(1.) CHALLENGE in this appeal is to the judgment and award dated 25th January, 2001 whereby the Motor Accident Claims Tribunal, Kishangarhbas, decreed an amount of Rs. 1,00,000/- in favour of the appellants-claimants and against the respondents No.1 & 2, jointly and severally. The Tribunal absolved respondent No.3-United India Insurance Co. from its liability and thus, dismissed the claim against the same.
(2.) THE grievance of the appellant is that the Tribunal wrongly absolved the Insurance Co. from its liability whereas the owner of the vehicle had paid premium of Rs.1,051/- in cash to the Insurance Co. and rest of the amount was paid through cheque, albeit, the same was dishonoured by the Bank for want of sufficient funds. Learned counsel for the appellant further canvassed that the accident, in the instant case, took place on 15th June, 1995 at about 7.15 PM, whereas the Insurance policy was cancelled by the Insurance Co. on 16th June, 1995 i.e. one day after the accident. Since the Insurance policy was in existence on the date of accident, the Insurance Co. was liable to pay the amount of compensation. He has cited the judgment of the Apex Court delivered in the case of Oriental Insurance Co. Ltd. Vs. Inderjit Kaur and ors. reported in 1998 ACJ 123, in support thereof.

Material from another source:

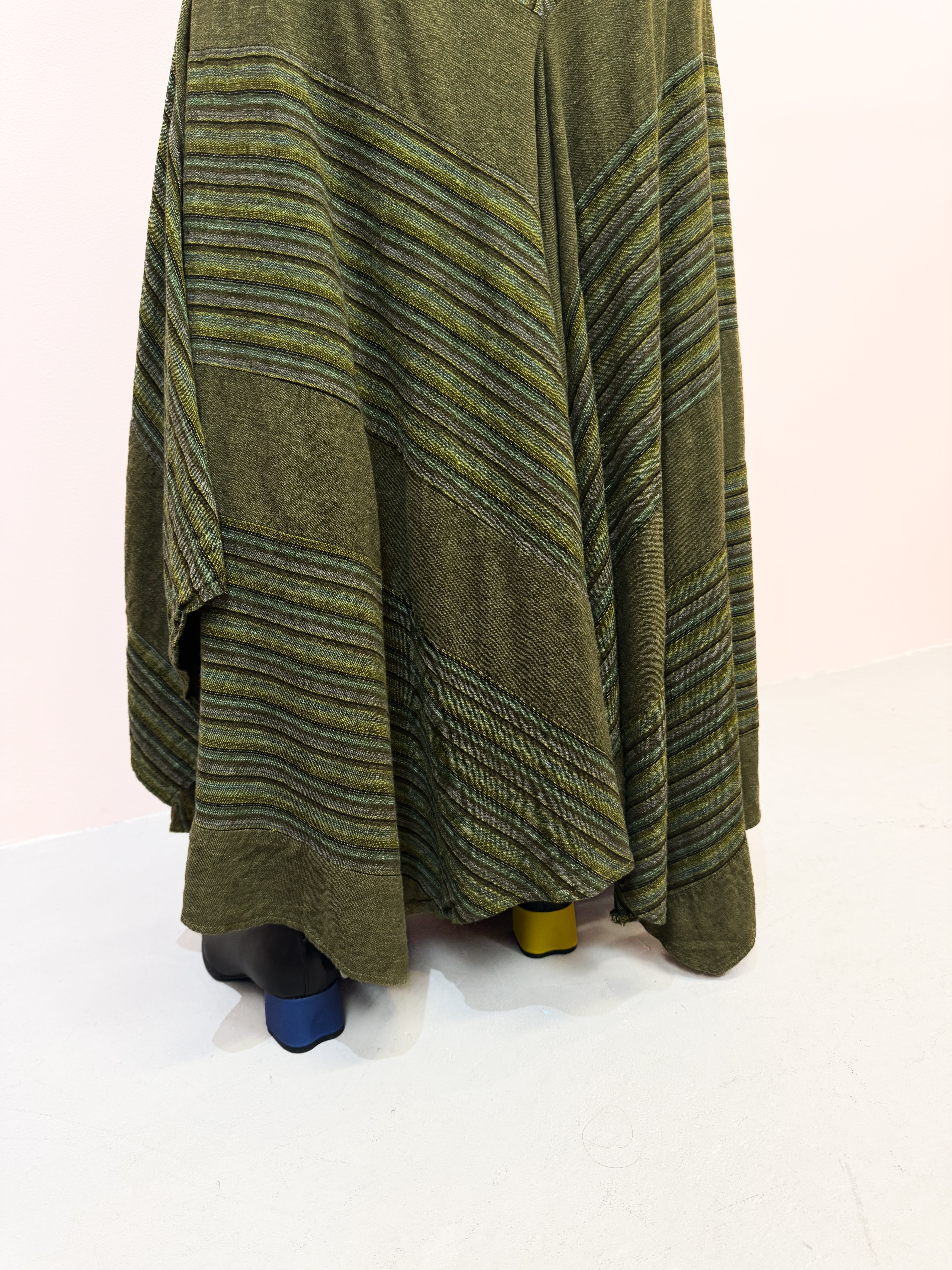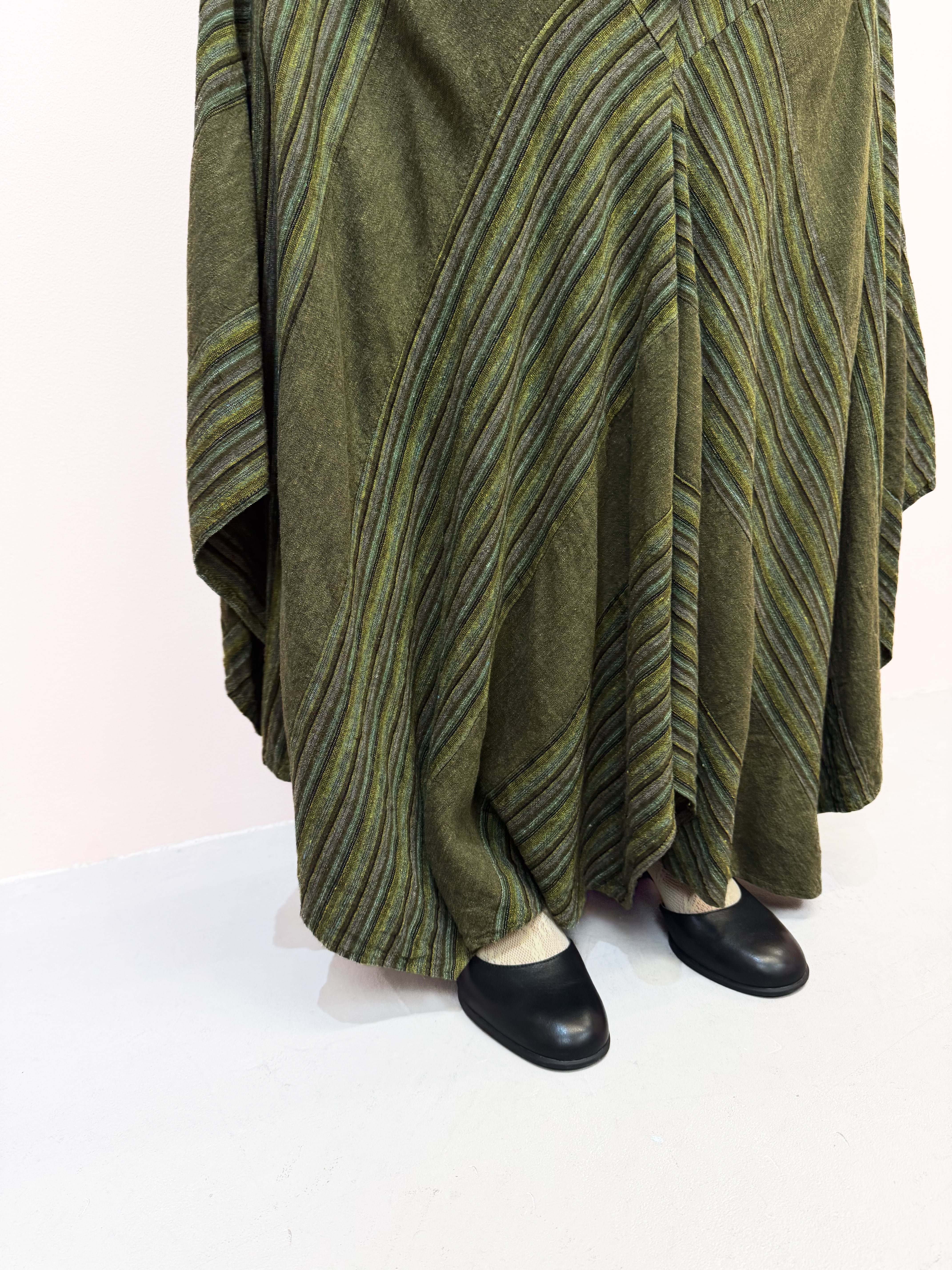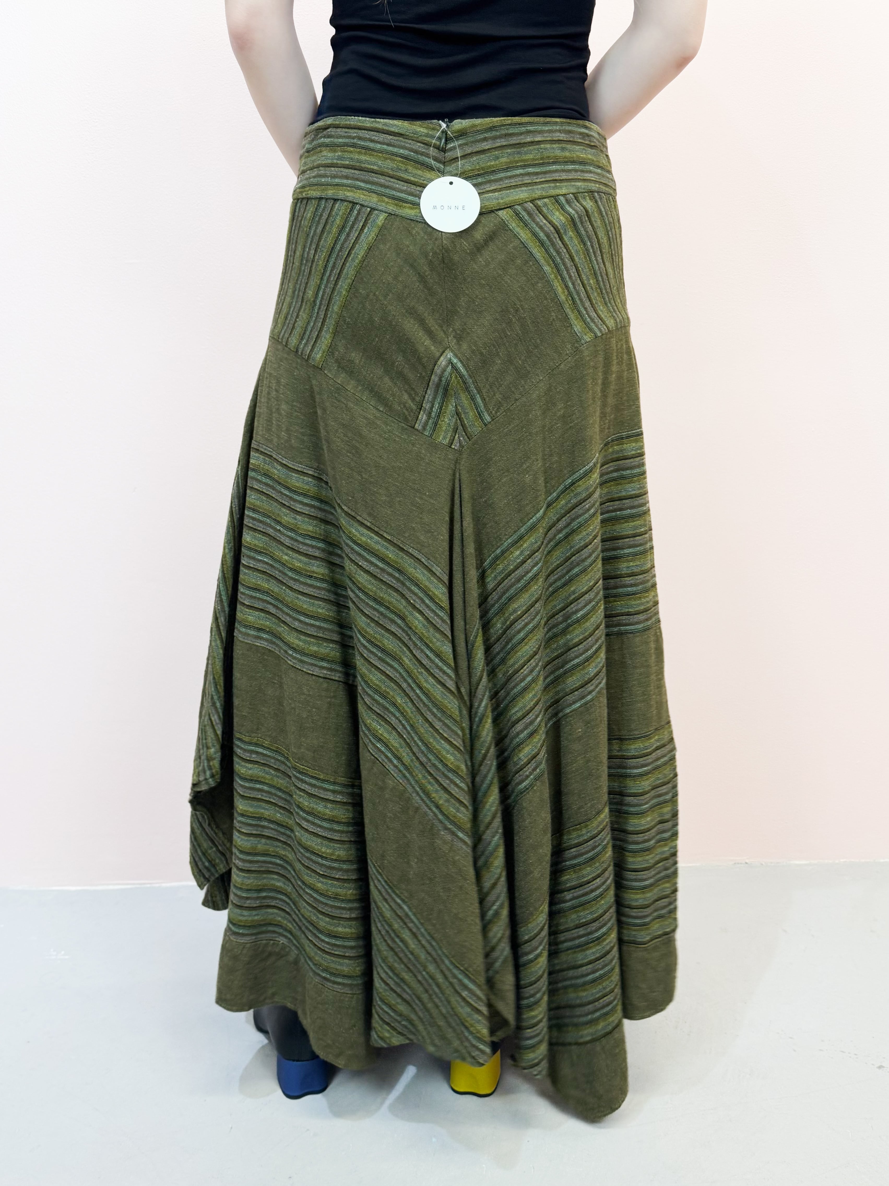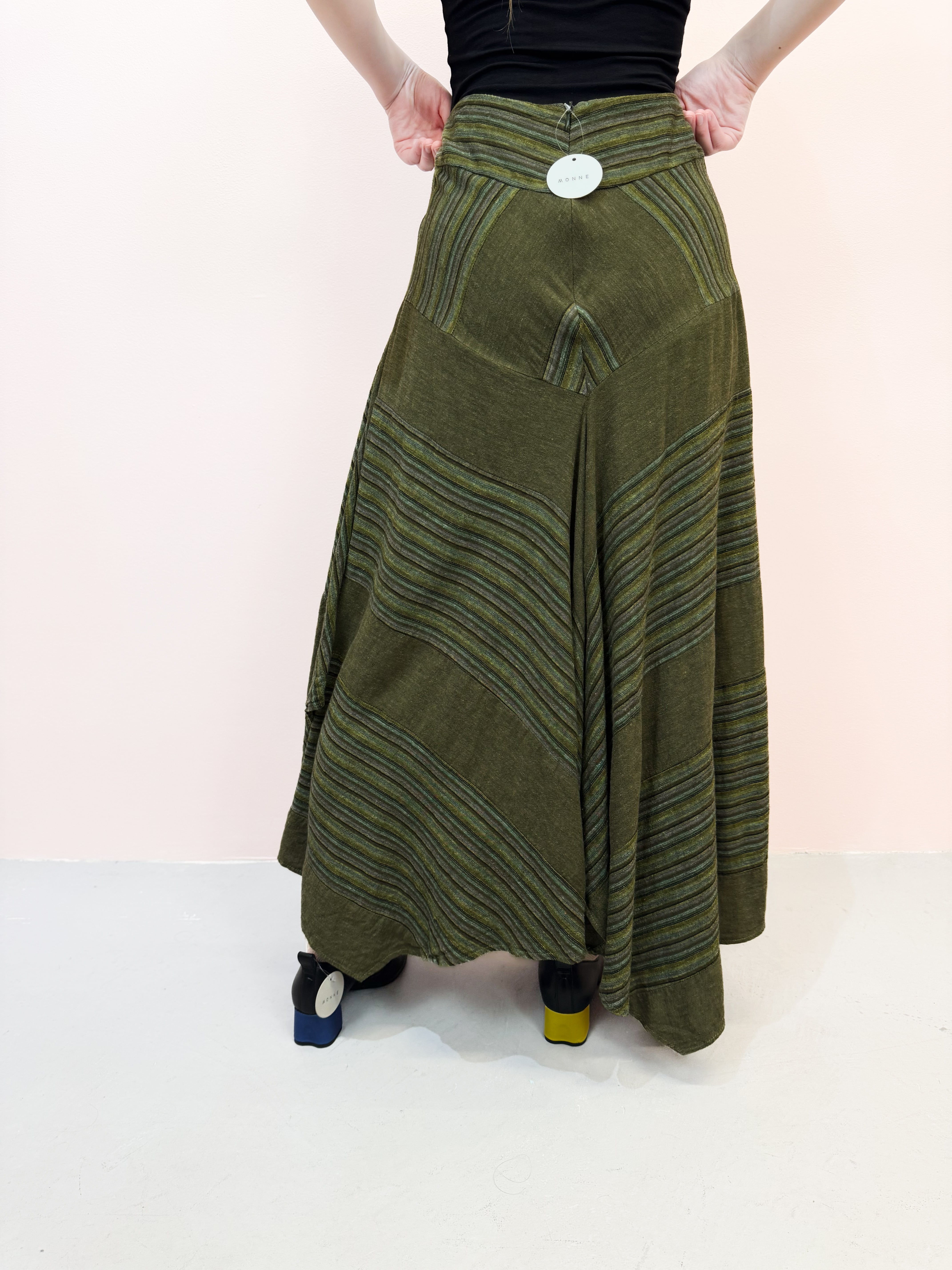 vintage olive panel linen skirt

(3.) HAVING reflected over the submissions made at the bar and carefully scanned the relevant material including the impugned award on record, it is noticed that on 15th June, 1995 at 7.15 PM the appellants along with their son boarded one Metador bearing registration No.RJ-02-2760, from Bus stand Kishangarhbas. It is alleged that the driver of the Metador was driving the vehicle at a very fast speed. No sooner did the vehicle reach near Bambora, the Metador, on account of being driven rashly and negligently, jumped into a pit and capsized, resulting into the injuries on the persons of the passengers and death of one Ms. Rona-daughter of the appellants-claimants. Undeniably and undisputedly, the Metador was insured for carrying goods and not for carrying passengers. This fact has been put-forth by the learned counsel for respondent No.3, but at the same time it has not been rebutted by the learned counsel for the appellants.